It wasn’t a dream.  It was a pre-sleep image.  It wasn’t a dream because I had already been awake for an hour, writing after a disturbing nightmare.  As I relaxed my head against my down-filled pillow, I saw a dark hand descend toward me.  In the hand (which looked male) was a large wooden bowl.  In the bowl were five brown fruits that looked like over-ripe pears, except they were round, not pear-shaped.  I didn’t recognize them, and pushed my eyes forward to focus on them.  Then a voice said, “Here, make molasses.”

What? What is this?

“Here, right here.  It’s ready and the fruit is ripe.  Make molasses.”

But what is this about?

“You know what it’s about.  You have to make molasses.  But you can’t wait.  The fruit is ripe now.  It’s work, but you have to do it.  You have to do the work now.”

I struggled through the veil of sleep-tuggers to write the message in my journal.  That should be a good one for my analyst later today.  I would turn 60 in three months and I’m trying to define myself aging.  During this indulgent year of study and growth at U of C, I’ve tried to make molasses, tried to sweeten my life and experiences.  But what about my unexplored future, after I retire from teaching in five more years?  Will my early desire to become a writer be met?

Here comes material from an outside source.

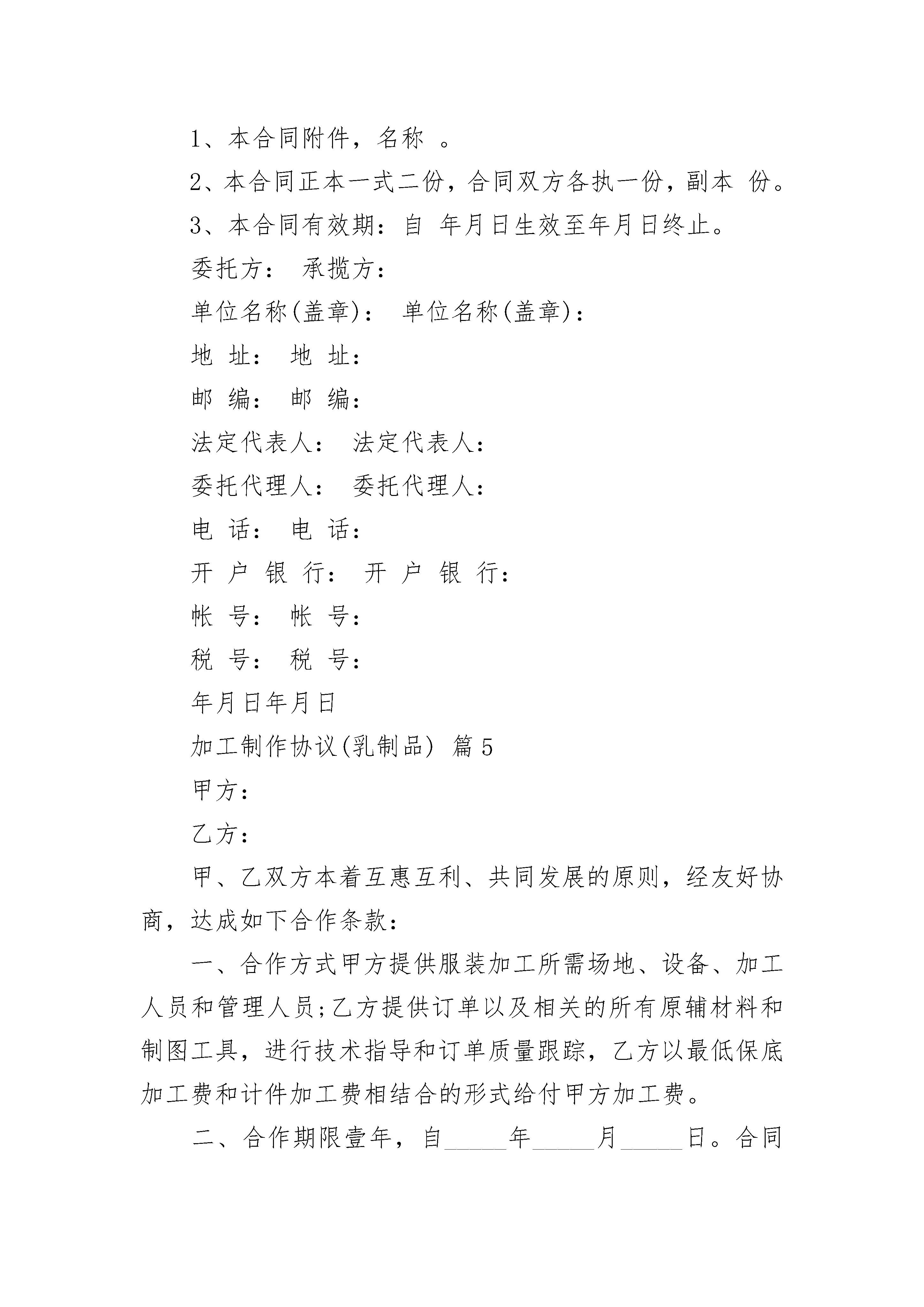 加工制作协议(乳制品)加工制作协议(乳制品)(精选19篇)加工制作协议(乳制品)篇1订货方:____________(以下简称甲方)销售方:_________________(以下简称乙方)根据国家有关法律法规,经双方协商一致,就甲方订购加油站储油罐签订本销售合同,以资双方共同遵守:一、交易内容及价款二、产品生产标准和质量要求1、储油罐生产执行国家行业标准《钢制焊接常压容器》的有关规定要求。2、所有油罐应设置单人孔,且人孔内径不应小于______mm,且封头厚度不应小于______mm,油罐壁板厚度为
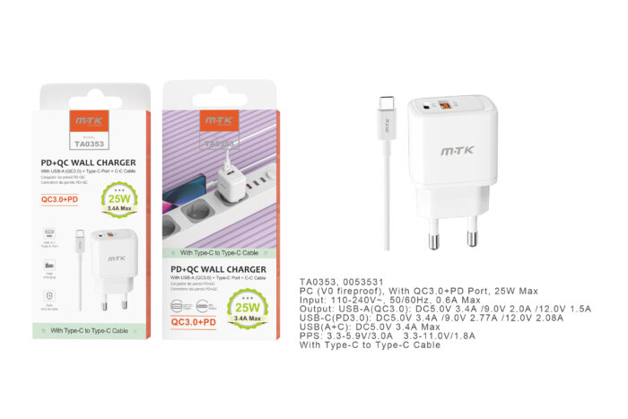 • TA0353 NE Cargador de Red Rapida Taylor , 2 puerto (Type-C PD + QC3.0) , Con Cable Type-C a Type-C , 25W/3.4A(Max), Negro

After breakfast and required text reading I went grocery shopping.  In the produce section I was startled to discover the same fruit that appeared to me at six a.m.  It was round, dark brown, and wrinkled.  The label said it was Passion Fruit, which fascinated me because I had never seen passion fruit before (at least not consciously).  I picked one up, discovered it cost $2.00.  No wonder I had never bought one before.  I marvelled at its density and texture as I turned it over in my hand.  Across its bottom was a narrow strip which read Ripe When Wrinkled.

I bought it.  It tasted delicious.

(first published in FORUM magazine, Fall 2002, Issue 14)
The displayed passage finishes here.